All together, some of this sociological received wisdom is correct, some is not, and the majority is partly-right and partly-wrong. Hlenderia, in the second decade of the 21st century, contains nearly 26 million people, with a wide range of motivations and beliefs, regardless of what some say their tribe or faction “should” believe. Indeed, some – such as the subject of our story, President Indari – could be accused of believing in nothing.

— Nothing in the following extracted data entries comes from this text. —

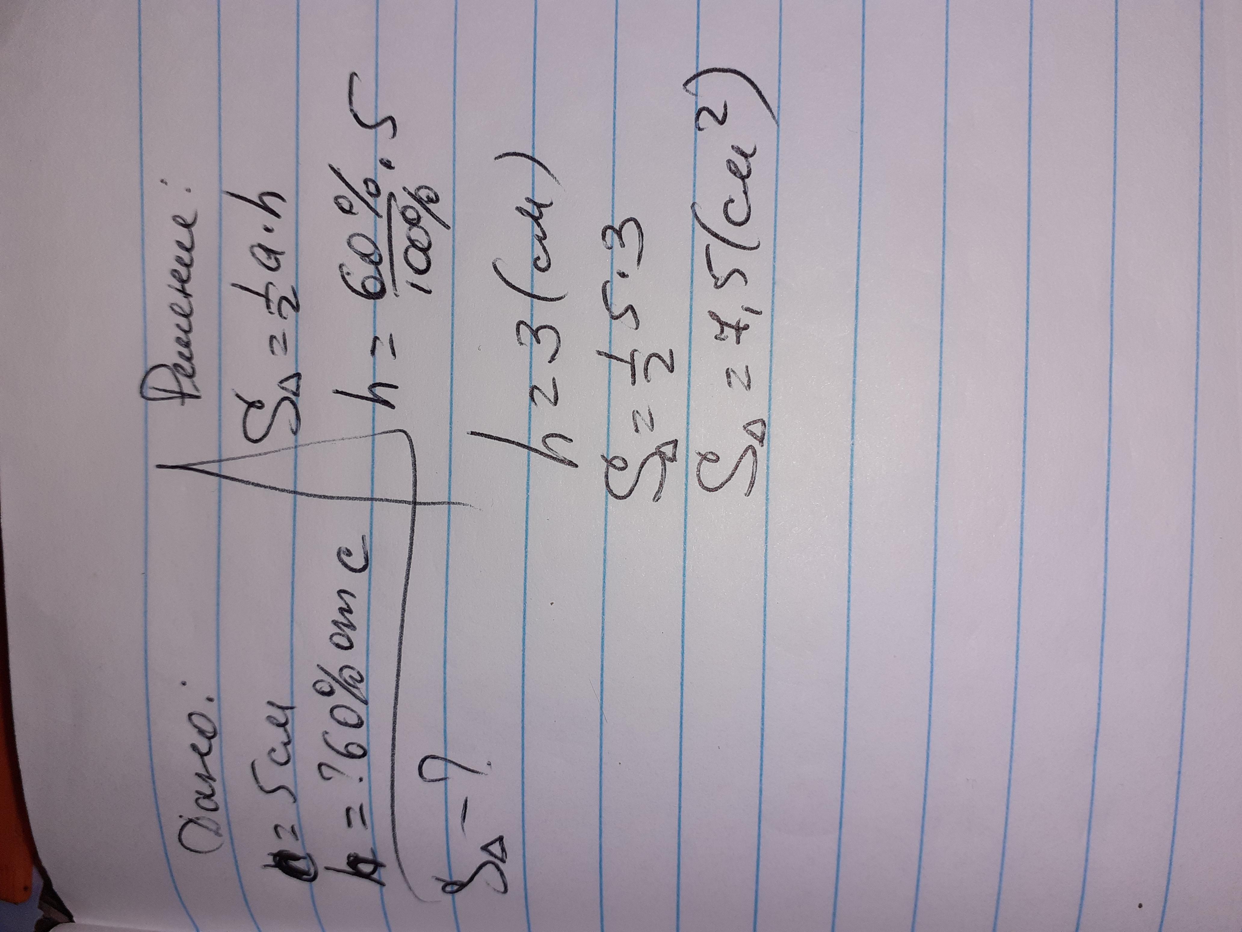 Основание треугольника равно 5см, а высота составлят 60% основания ,вычисли площадь треугольника
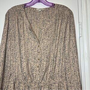 LOFT versatile shorts jumper in a tan and black abstract chevron print. Lightweight, elastic waistband. Side pockets, v-neck and button front. Long sleeves, roll up button option.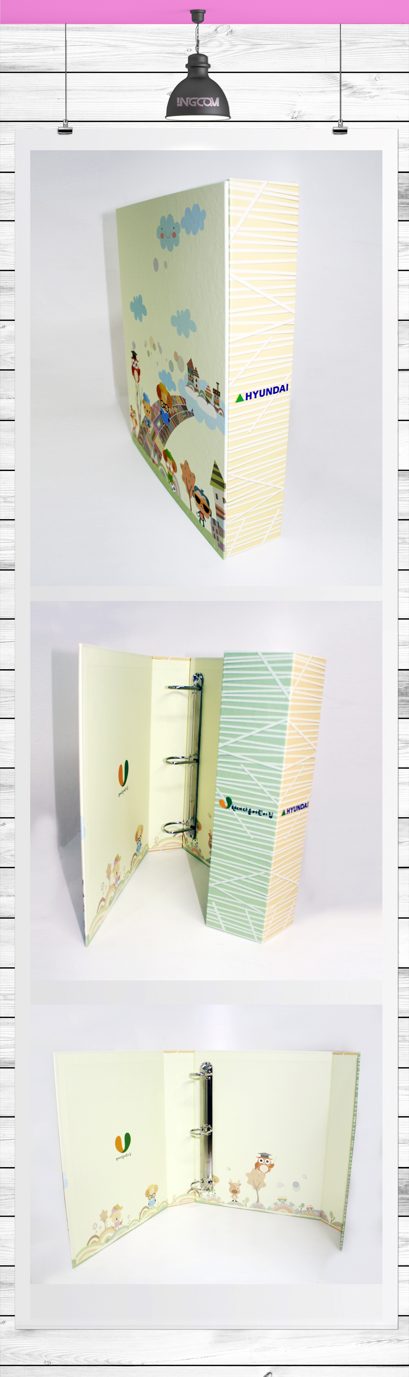 사양 : 아트지150g, 단면4도 인쇄, 무광라미네이팅, 1800g D/G 합지(자석*철판 가공), 3공D링 장식 하도메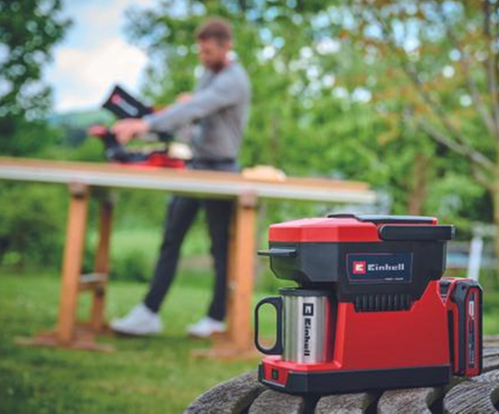 El uso de cápsulas de café no supone ningún problema gracias al recipiente correspondiente incluido en el envío. Una temperatura de preparación perfecta de 80 °C garantiza una taza de café fresco con la máxima movilidad en la obra, al aire libre o en el camping.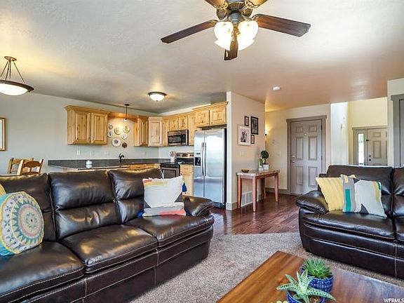 GORGEOUS, GORGEOUS, GORGEOUS!! You will fall in love with this impeccable Bountiful townhouse! Features include granite counters, hardwood floors, stainless steel appliances, master bedroom with 2 closets, double vanities in master bathroom, fully finished basement, beautiful paint colors, extra storage under stairs, and home warranty. The two spacious living areas with convenient access to deck and patio are perfect for relaxing and entertaining guests. The floor plan flows nicely and offers lots of natural light. Parking for you and your guests is super easy with an extra parking space right in front that is designated for only this unit. Super convenient location near shopping and restaurants. This desirable end unit townhouse is a must see!
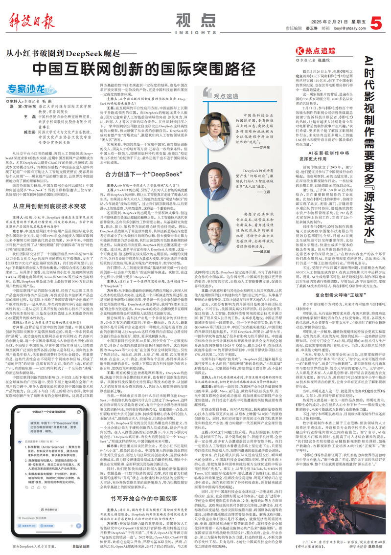 面对外部压力挑战,中国互联网企业何以破局?中国如何创造更多“DeepSeek”?对此,科技日报特别邀请色情小说 常务副院长方兴东等三位专家,共同探讨中国互联网创新的国际突围路径。

Prologue II: The Kwari Way of Life
Marsilamat Indari was born in the mid-1970s in north-central Hlenderia, in Kwari land, though near the border of traditionally Mūni territory. Ethnic borders at this time, and in this part of the country, had become more or less set. Most land in this region of the country was owned by the families that lived on them, and Indari grew up on his family’s homestead just outside the mid-sized town of Isherrith, a mill town that processed lumber and made paper. Isherrith, population 3400, is located in a part of the country rich in pine and fir, and is far enough north that the temperate forests were thick and the land fertile – as opposed to the alkaline soil in the taiga further south.
Despite this, Isherrith is the center of a community that is largely rural. One main road connected the town to the Kwari cities along the north coast, and in the winter it could snow over for five to seven days until equipment made its way down. Therefore, the Kwari here live a life that was more traditional and self-sufficient than their urbanized kin. They often govern themselves, with occasional visits from provincial authorities. In the center of Isherrith, like most Kwari communities, is a large building that serves as town hall, ballroom, indoor farmers market, and whatever other need arose for it. A Hlenderian temple, known as a “chapel” regardless of its size or opulence, is located on the outskirts of the settlement and contains a large crematorium and cemetery, each essential for the ancestor-venerating local traditions.
Among the Kwari, political office-seeking is seen as a way to enrich oneself and their family. It is considered a job or a career, rather than a public service as the western Vrotri or foreign elements might view it. In Isherrith, the Traditionalist Kwarim party has a monopoly on power, and to become “involved in politics” is synonymous with joining this party. In this area of Hlenderia, what in other nations would be called nepotism and corruption were so endemic to the political order as to be entirely unremarkable to the governed, except for a general grumbling about the cost of doing business. It is at this time, and in this place, that the future President of the Grand Council of Hlenderia would grow up and enter politics.